HACKER Q&A
📣 herodoturtle

Best way to store thousands of ~10mb files via browser upload interface?


We've got decent (albeit old school) full stack in-house dev experience, so re-inventing the wheel is optional given our tailored needs.

Some solutions we've come up with:

1. Store the files as MEDIUMBLOBs in our MySQL database - but we're not sure how responsive this database would be once we hit 100TB+ of files.

2. Store the files on a standard Linux file system, and limit the MySQL database to tracking values linked to each file (but not storing the actual files themselves). The data tracked in this database would thus be limited, and therefore scale better. In said data, we'd track things such as the date the was file created, a customer's name, and around 100 other variable text fields.

What are your thoughts on the above two options?
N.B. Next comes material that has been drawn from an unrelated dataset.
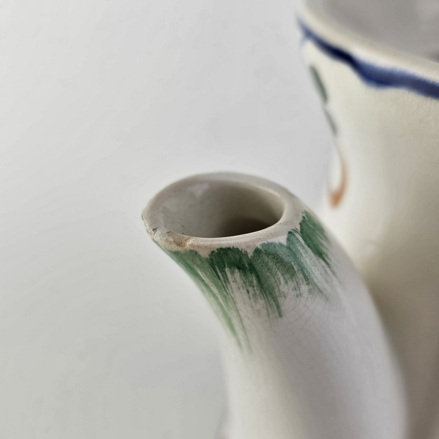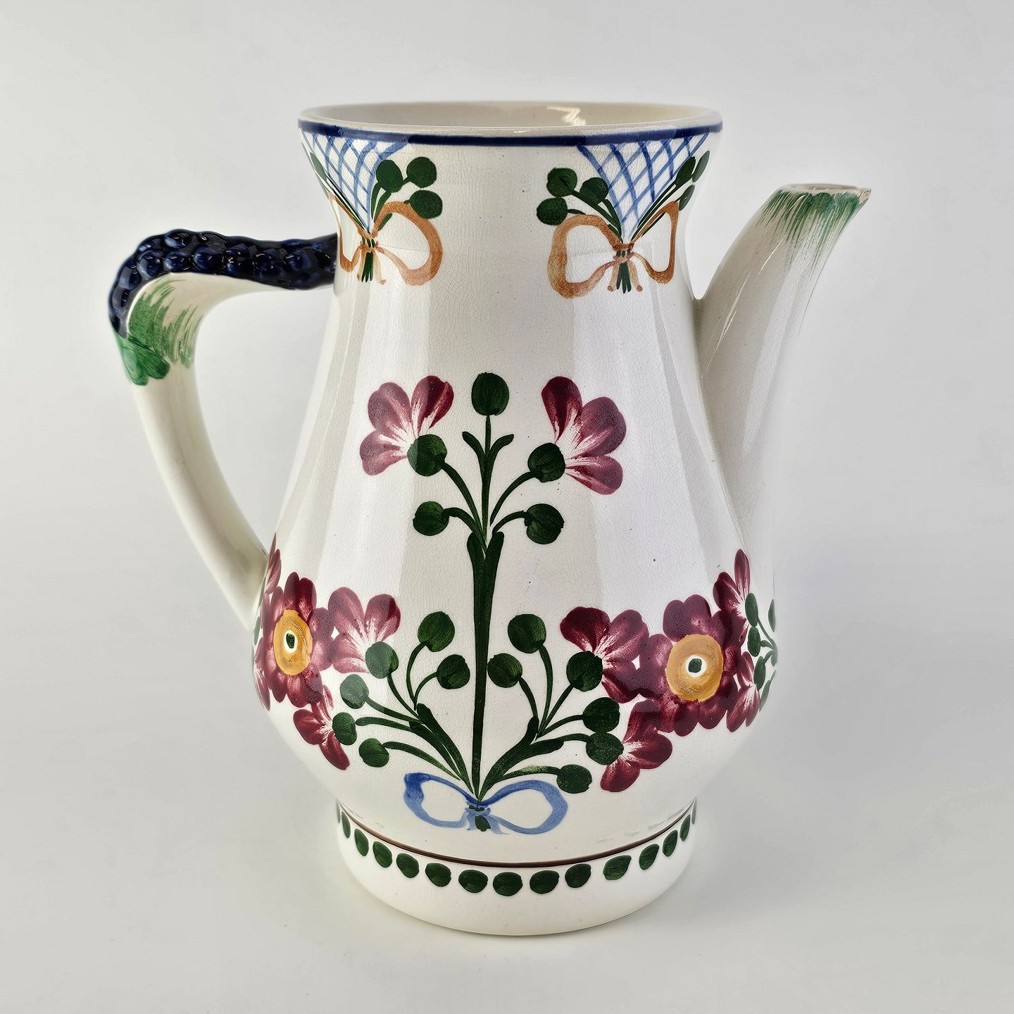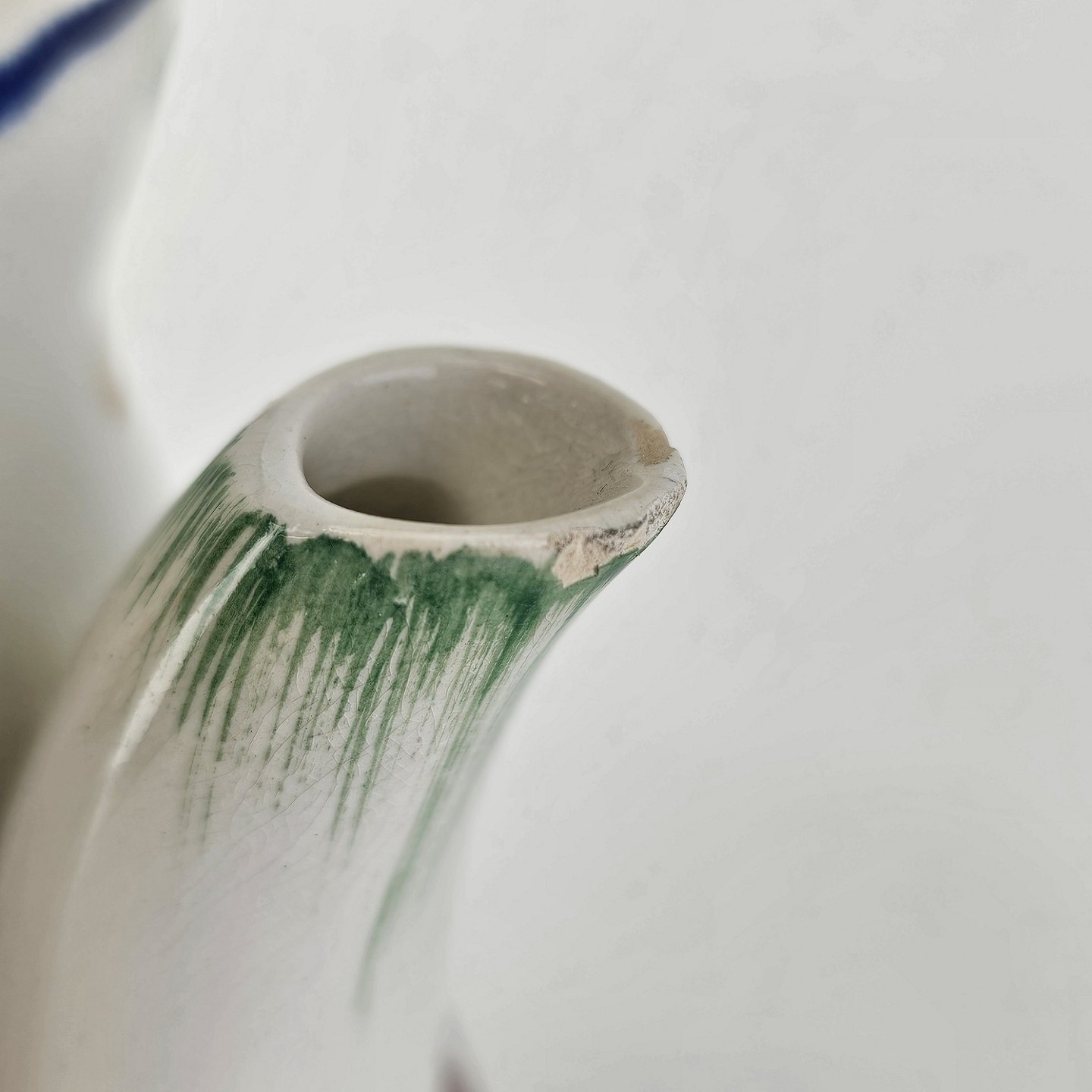 Stellet er i hvid fajance og håndmalet med dekoration af røde blomster

And are there other good/better options?

Please note: we're a bunch of old guys that still tinker in LAMP, so kindly take it easy on us if you're responding with modern framework solutions. But we're open to learning new things!

Cheers from South Africa.


  👤 neximo64 Accepted Answer ✓
on S3, South Africa region using a javascript library that uploads them using pre-signed urls for you and returns the final urls which you can save in your mysql database

👤 epc
I’d compute a couple of checksums on the files and store those plus metadata in a database, storing the files either on multiple RAIDs under your control, or one or more geographically dispersed cloud storage systems.

Whether local storage or cloud storage is best is a function of how often the files are going to be downloaded or otherwise manipulated by your service.